A discovery of $500,000 in cash and gold by Alberta homebuyers as they renovated their house in 2017. (Read more about the case here).

A court case about who owns those funds is ongoing and I have yet to hear back from the lawyers involved about whether the case has been settled or is going to trial.

Many readers had opinions about who should get the money and posted comments online at thestar.com, on Facebook lawyer blogs and also sent me emails.

The responses were neatly divided into three categories: 1) the sellers get the money; 2) the buyers get the money (finders’ keepers); 3) and it should be divided equally.

JN posted at thestar.com that for the new owners to keep it is “immoral.” Peter responded: “No one leaves $500,000 behind, intentionally.” Daniel commented: “The new owners, absolutely.”

David suggested that the new owners should not have tried to deposit the money into a bank account all at once, but carefully put it in small deposits in many bank accounts. “They should have been smarter in what to do with the found cash.”

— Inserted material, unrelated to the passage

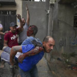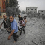 Palestinians evacuate wounded in Israeli aerial bombing on Jabaliya, near Gaza City, Wednesday, Oct.11, 2023.

The Alberta discovery is only the most recent case about money being found by purchasers in their new homes.

In June of 1997, 85-year-old Jean Weitzner sold her house on Jarvis St., in Stratford. She and her late husband Harry had lived there for 38 years. Harry had operated a scrapyard on the site. The buyers were Wilbert and Jean Herman, who paid $163,500 for the property.

Shortly after the purchase, the Hermans hired Cornelius Gansevles to demolish the house. During the demolition, a fire extinguisher rolled out of a crawl space. It contained silver coins and $130,000 worth of old $50 and $100 bills in mildewed bundles of $5,000 each.

Neither Weitzner nor the Hermans knew about the hidden money when they signed the agreement of purchase and sale.

The Hermans tried to keep the find quiet but it wasn’t long before Jean Weitzner found out about it at a local beauty salon, apparently the clearinghouse for local gossip. Soon the seller, the buyers and the contractor were suing each other to claim the money.

The Hermans argued finders’ keepers, but Justice Dougald McDermid awarded all of the money to Weitzner, saying there was no agreement that ownership of the money was transferred along with ownership of the house and its contents. He also tossed out the contractor’s claim for salvage rights.

There was no word on what happened to the fire extinguisher.

Another interesting case took place in the fall of 2005 when a couple bought a house in Trois-Rivières, Que. The seller was a bank which had repossessed it from the former owner, Marc-André Hinse, the alleged head of the Hell’s Angels motorcycle gang. Hinse had disappeared the previous year.

When the new owners began renovations, a plastic bag containing $100,000 in $20 bills fell out of a panel in the bathroom ceiling.

The owners turned it over to the police. A court later ruled it was the proceeds of crime and belonged to the government. The owners got nothing for their honesty but I don’t blame them for not wanting to keep the money.

Some years ago, a client of mine gave me a 1940s King George VI $10 bill. He discovered it on top of a furnace pipe in his home and gave it to me, knowing of my interest in numismatics. I still treasure it.